● What is being asked: Copy, without a single change, each line from the one that holds "Kırmızı renkli, düğmeli, bol" to the bottom of the entries below, and drop any pictures.

Collection entries
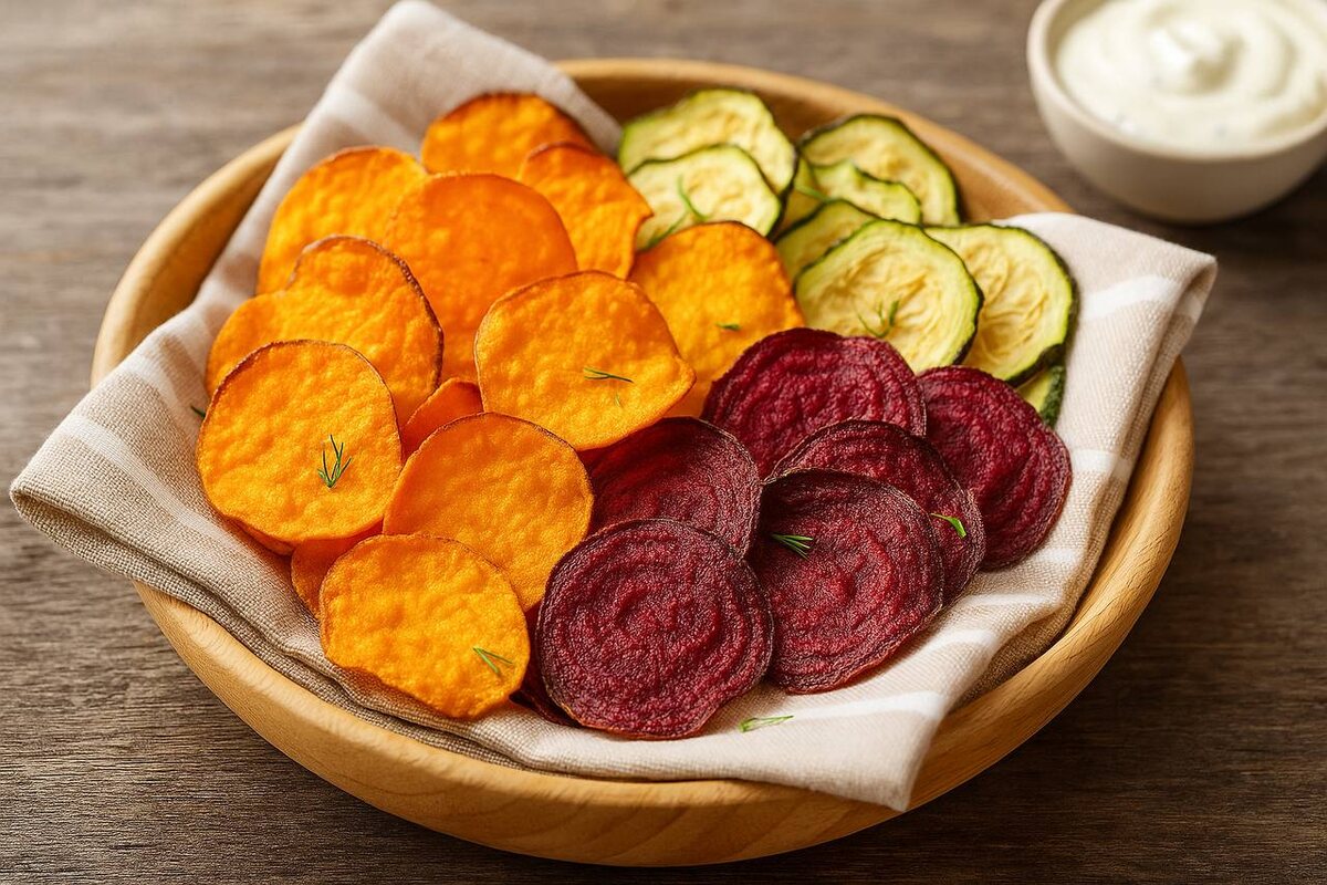 Домашние чипсы — это совершенно другой подход. Здесь мы используем цельные овощи: картофель, свёклу, кабачки, морковь или батат. Добавляем ровно столько масла, сколько нужно, регулируем количество соли и сами подбираем специи. В результате получаем закуску, в которой сохраняются витамины, клетчатка и натуральный вкус продуктов.
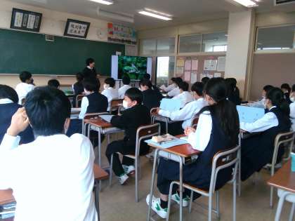 1年2組 理科 公開日 2023/05/31 更新日 2023/05/31 1学年 5月30日(火)3限 1年2組の理科は、教室で動物の分類について学習していました。モニターに映し出された動物の写真を見て、共通点や相違点について気付いたことを元気よく発表していました。
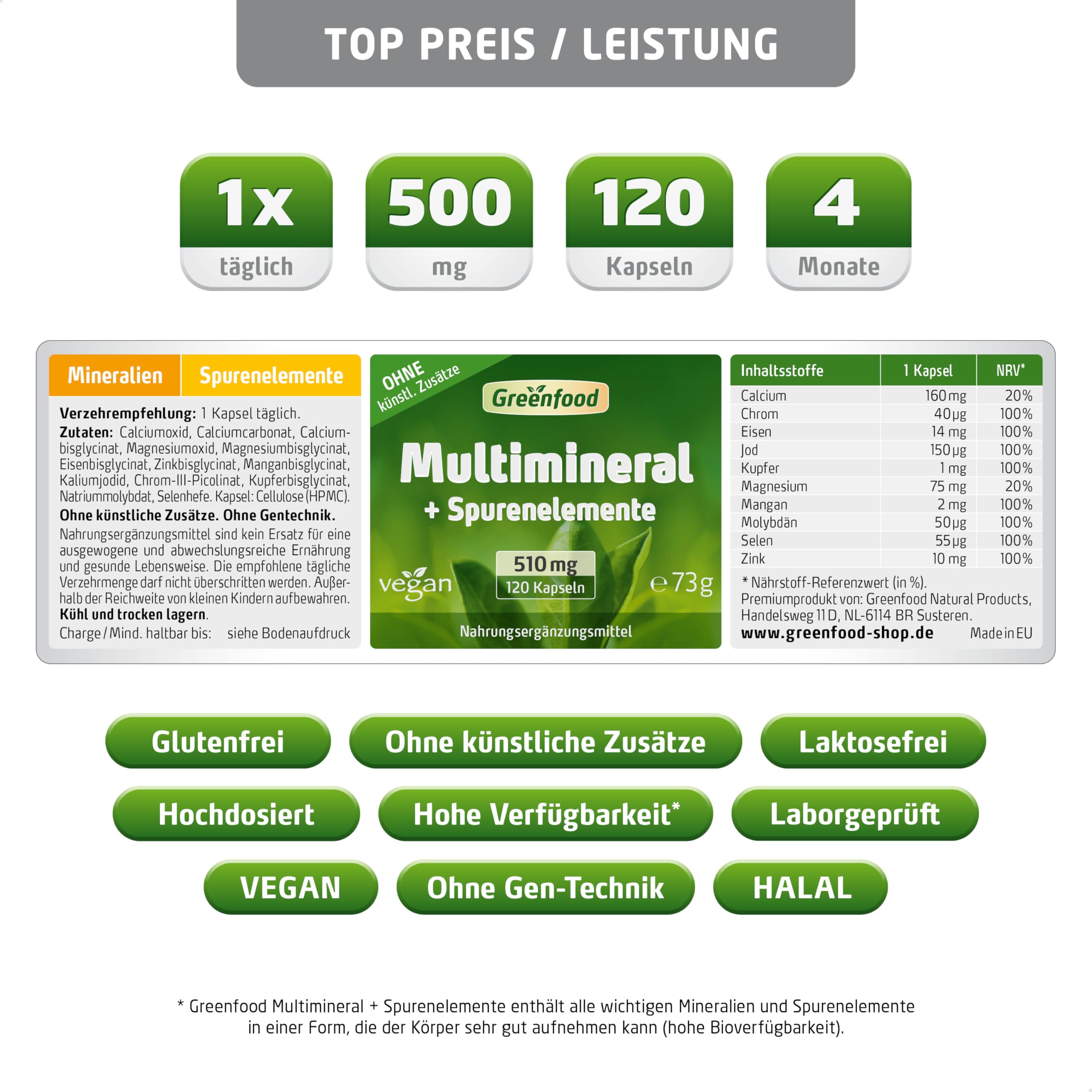 - HIGH-QUALITY RAW MATERIAL: Greenfood's Multimineral and Trace Element Complex contains a full range of minerals and trace elements, in high doses and with high bioavailability. A total of 120 vegan capsules with 510 mg of multiminerals and trace elements for optimal daily intake.
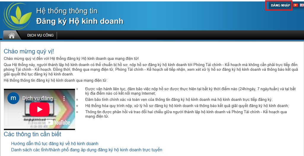 - Bước 1 – Truy cập cổng đăng ký hộ kinh doanh
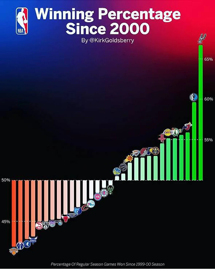 Аналитик ESPN Кирк Голдсберри опубликовал инфографику, которая показывает процент побед каждой команды НБА в матчах регулярного чемпионата с сезона-1999/2000.
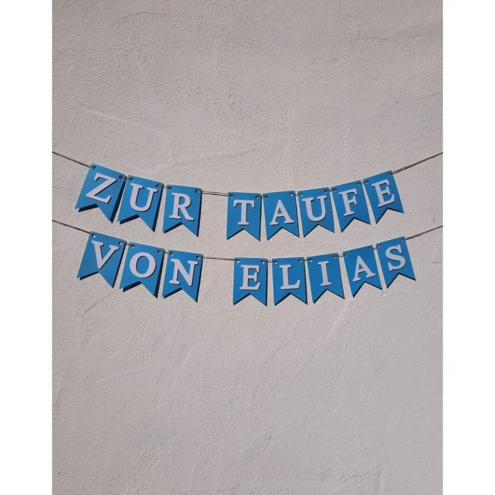 Wunderschöne Girlande zur Taufe. Personalisiert mit dem Namen des Taufkindes. Bitte hierfür die entsprechende Buchstabenanzahl auswählen und den gewünschten Namen angeben. In pastellblau mit klarer weißer Schrift. Aus hochwertigem Karton und liebevoll von Hand zusammen gesetzt.
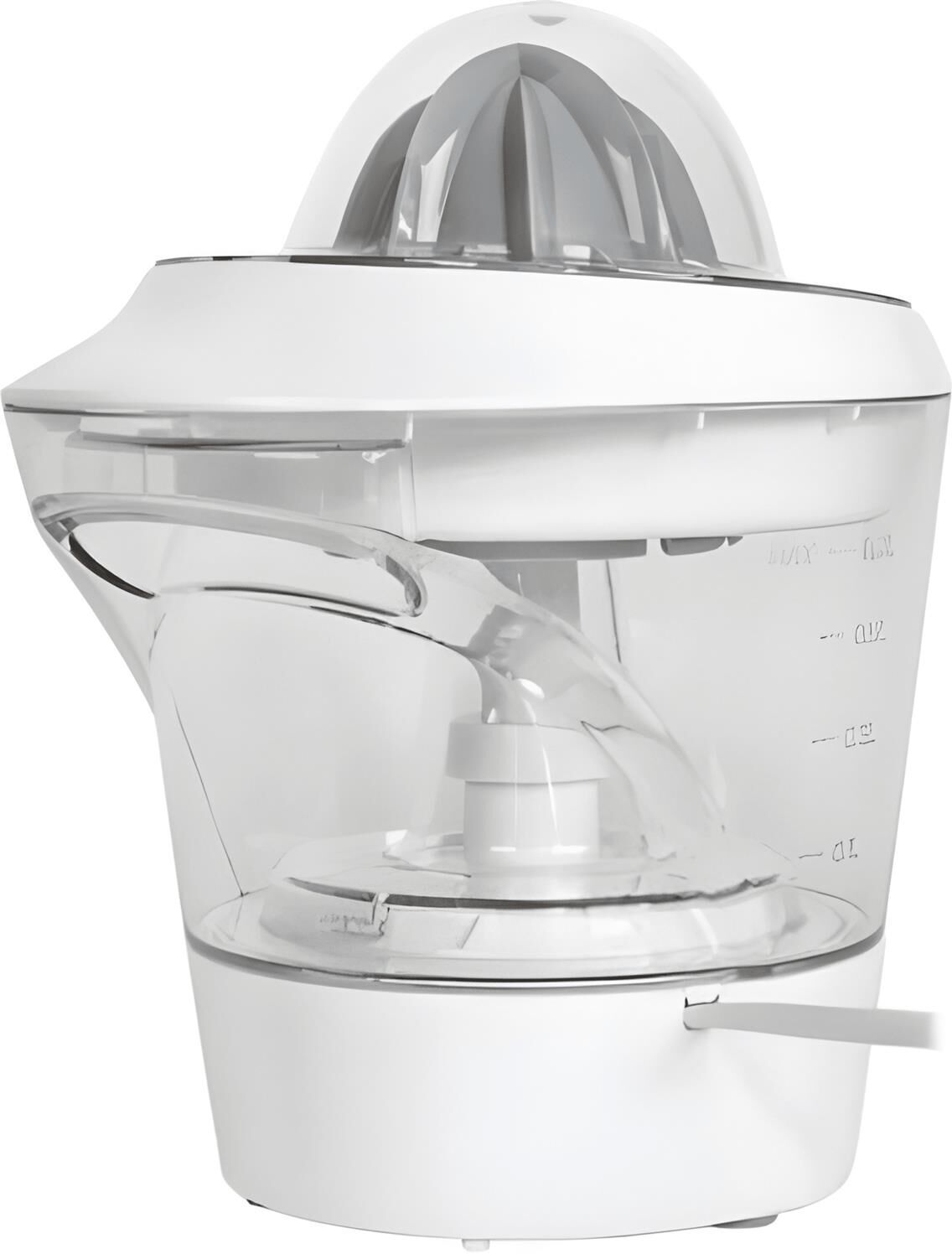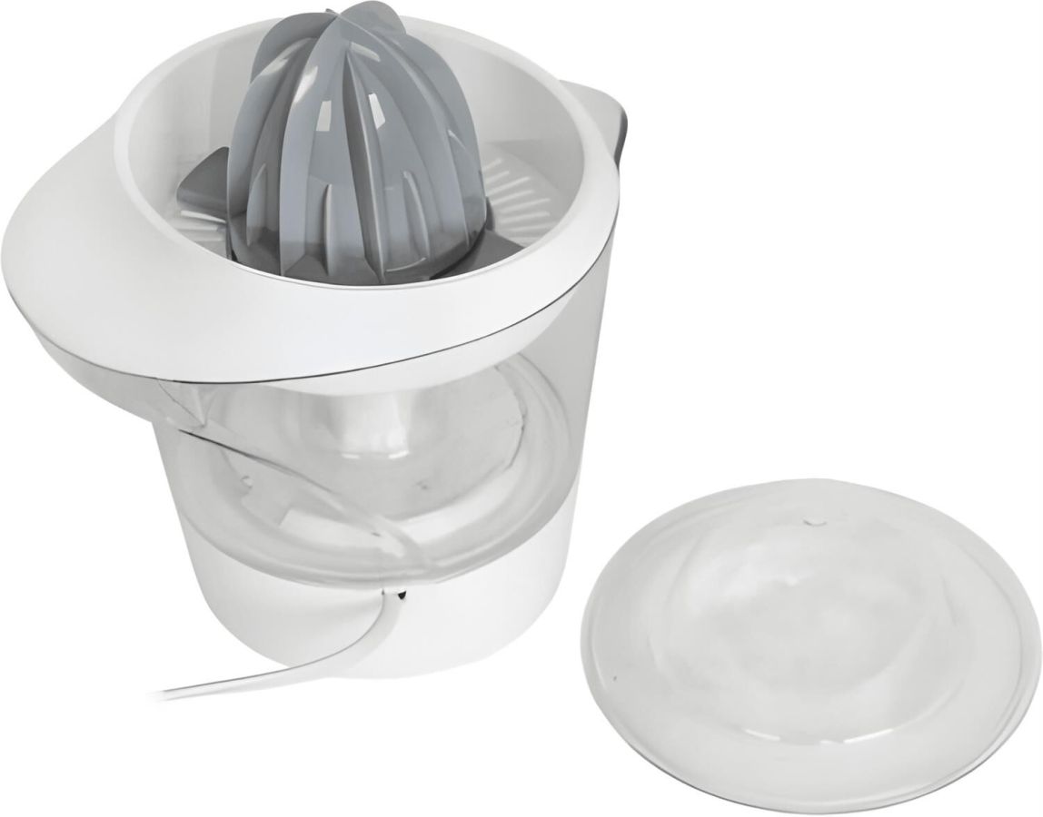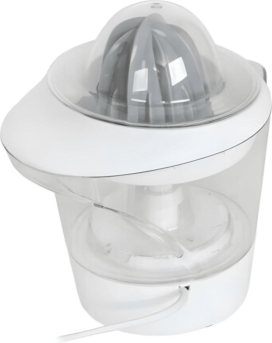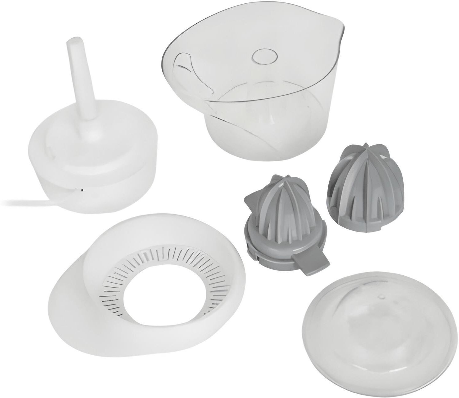 Соковыжималка для цитрусовых, Объем 0,7 л., Мощность 40 Вт., 2 сменные насадки-конуса для фруктов разного размера, Двустороннее вращение насадки, Прозрачная крышка для защиты от пыли, Прорезиненные ножки, Легко разбирать и мыть
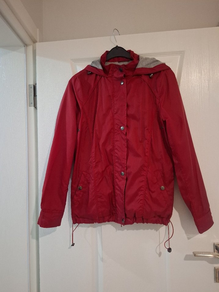 Kırmızı renkli, düğmeli, bol kesim kadın yağmurluk. Uzun kollu, gri kapüşonlu ve ayarlanabilir ip detaylı, yumuşak sentetik kumaştan outdoor kullanıma uygun.
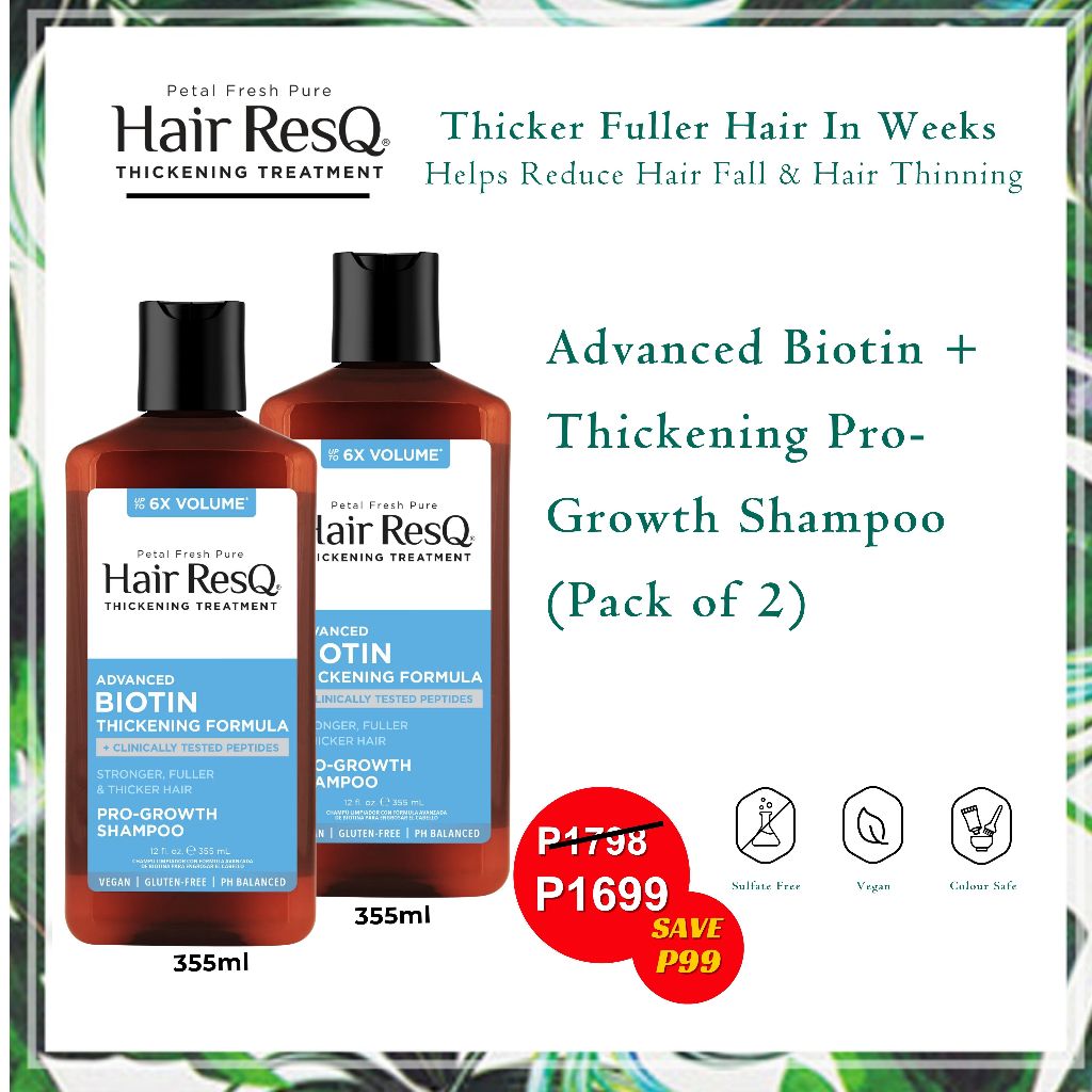 Petal Fresh HairResQ Thickening Shampoo, Advanced Biotin Pro-Growth Formula Pack of 2 (355 ml x 2)

● Answer:
 Kırmızı renkli, düğmeli, bol kesim kadın yağmurluk. Uzun kollu, gri kapüşonlu ve ayarlanabilir ip detaylı, yumuşak sentetik kumaştan outdoor kullanıma uygun.
 Petal Fresh HairResQ Thickening Shampoo, Advanced Biotin Pro-Growth Formula Pack of 2 (355 ml x 2)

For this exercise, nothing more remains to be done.